BONSAI ART Award Chuhin auf der Trophy 2024
erschienen in BONSAI ART 186, von Mauro Stemberger
Die Geschichte dieses Bonsai begann 2010 in den Bergen im Grenzgebiet zwischen Italien und Frankreich, wo meine italienischen Bonsai-Freunde Giorgio Castagneri und Gino Costa die Kiefer fanden und ausgruben. Mir fiel der Baum bei Giorgios Sommerfest auf und ich kaufte ihn 2012, denn obwohl er keine Spitze besaß und mit seinen langen, kahlen Ästen wenig attraktiv wirkte, sah ich das große Potential des Baumes.

Nach einer angemessenen Erholungsphase begann die Gestaltung im März 2013 damit, dass der obere rechte Ast um den Stamm und dessen Totholz herum gebogen wurde. Hierfür musste der Ast teilweise ausgehöhlt werden, um ihn biegsam genug zu machen. Der untere Ast wurde mit Spanndrähten über die Jahre 2014 und 2015 langsam in eine kompaktere Form gebracht, während die Kiefer sich ansonsten erholen und Kräfte sammeln durfte.
2016 erfolgte die erste gründliche Gestaltung der Wald-
Kiefer im Rahmen meiner Demo auf der Ausstellung der UBI (Unione Bonsaiisti Italiani), mit der tatkräftigen Hilfe meines Teams (Rudy, Paolo, Alessandro und Maryanyela). Wir bauten eine solide Aststruktur um den Stamm herum auf und formten quasi zwei Kronen, weil der untere Ast einfach zu mächtig war, um nur ein Laubpolster zu tragen. Wir waren anschließend sehr zufrieden mit dem Ergebnis und ich hatte das Gefühl, der Baum war es auch.
Nach einer solchen Grundgestaltung lasse ich den jeweiligen Baum eine Saison lang frei wachsen, damit er sich erholt und sich die Positionen der gedrahteten Äste und Zweige festigen. Je größer die Belastung durch die Gestaltungsmaßnahmen, desto länger muss die anschließende Erholungsphase dauern. Dies ist ein wichtiger Schritt, um den Baum der Verfeinerungsphase näher zu bringen.
Anschließend wurde der Baum einige Jahre von meinem Freund Paolo in Varese gepflegt, wo gleichmäßiges Laub und eine kompakte Verzweigung nur durch die Bearbeitung der Kerzen im Frühjahr entwickelt wurden.
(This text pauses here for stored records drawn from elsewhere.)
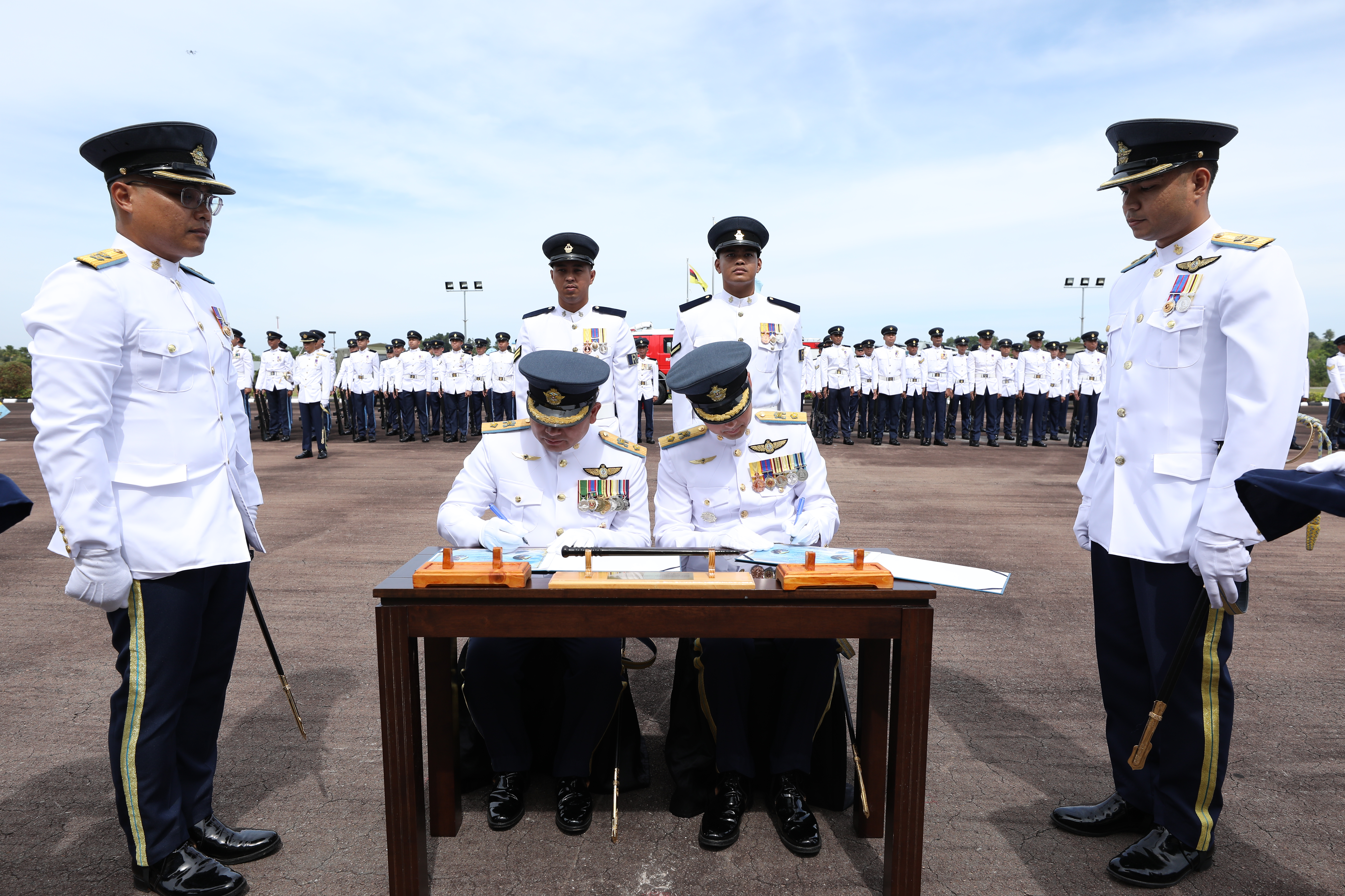 The handover ceremony continued with the signing of the Handover-Takeover Certificate, symbolising the official transfer of command. In his inaugural speech, Lieutenant Colonel (U) Pengiran Mohammad Zulhusmi expressed his honour in assuming the new role and extended his appreciation for the trust placed in him. He reaffirmed his commitment to build upon the solid foundation laid by his predecessor, while encouraging his team to remain steadfast in upholding the RBAirF's mission and operational excellence.
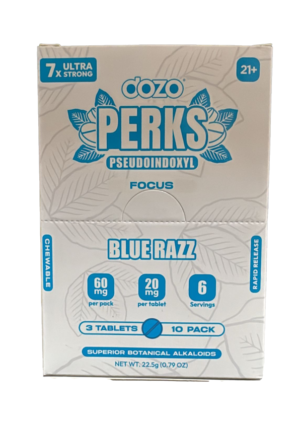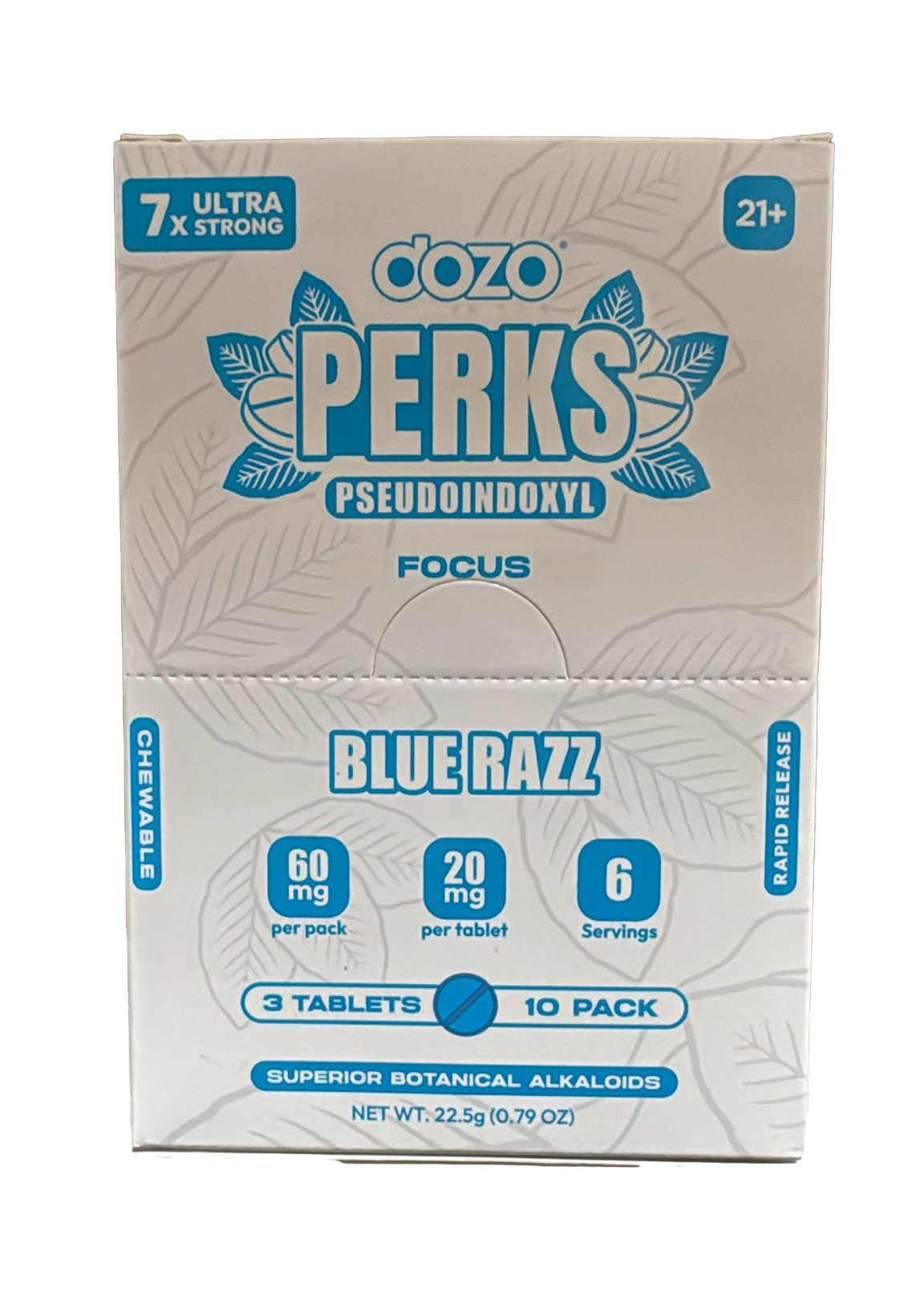 Dozo Perks offers a refreshingly tart **Blue Razz** twist to its precisely formulated **7-Hydroxy tablets**. Each tablet contains **20mg** of active compound,
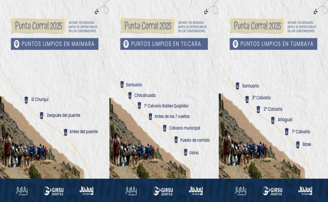 En el marco de la tradicional peregrinación a la Virgen de Punta Corral, GIRSU Jujuy S.E., en coordinación con los municipios de Tilcara, Maimará, Purmamarca y Tumbaya, llevará adelante un operativo de gestión de residuos sólidos urbanos (RSU) para minimizar el impacto ambiental y preservar el entorno natural, en marco de las políticas ambientales que fomenta el gobierno de la provincia de Jujuy a través del ministerio de Ambiente y Cambio Climático.

Die bei der ersten Gestaltung angelegten Drähte wurden nach und nach entfernt, sobald sie einzuschneiden begannen.
Nach dem ersten Umtopfen im Jahr 2019 kam die Wald-
Kiefer wieder zurück in meinen Garten. Sie entwickelte sich außerordentlich kräftig und vital, weshalb ich sie mit meinem Team 2021 überarbeitete, um die Astwinkel und Laubpolster zu verfeinern. Hierfür kamen auch wieder Spanndrähte zum Einsatz. Dicke Drähte waren nun nicht mehr notwendig. Im Frühjahr 2022 konnten wir den Baum in seine endgültige Schale pflanzen, ein wunderbares Gefäß in Mokko-Form von meinem Freund Tiberio Gracco, dem Töpfer aus Pompeji, das die Kiefer mit seiner Form und Farbe perfekt zur Geltung bringt. Nun war der Baum bereit, erstmals ausgestellt zu werden. Auf der italienischen Nationalausstellung in Reggio Emilia im September 2022 wurde er als „Bester Baum der Ausstellung“ ausgezeichnet. Auf der Trophy 2024 erhielt die Kiefer den Preis als „Bester Nadelbaum“ und den BONSAI ART Award. Es ist ausgesprochen befriedigend, wenn man Rohmaterial in einen feinen Bonsai verwandeln kann. Anhand dieser Geschichte kann man sehen, dass man mit guter Pflege, richtigem Timing, Knowhow und viel Geduld das Ziel erreichen kann. Diese spezielle Kiefer liegt mir besonders am Herzen und ich werde sie in meiner Sammlung behalten.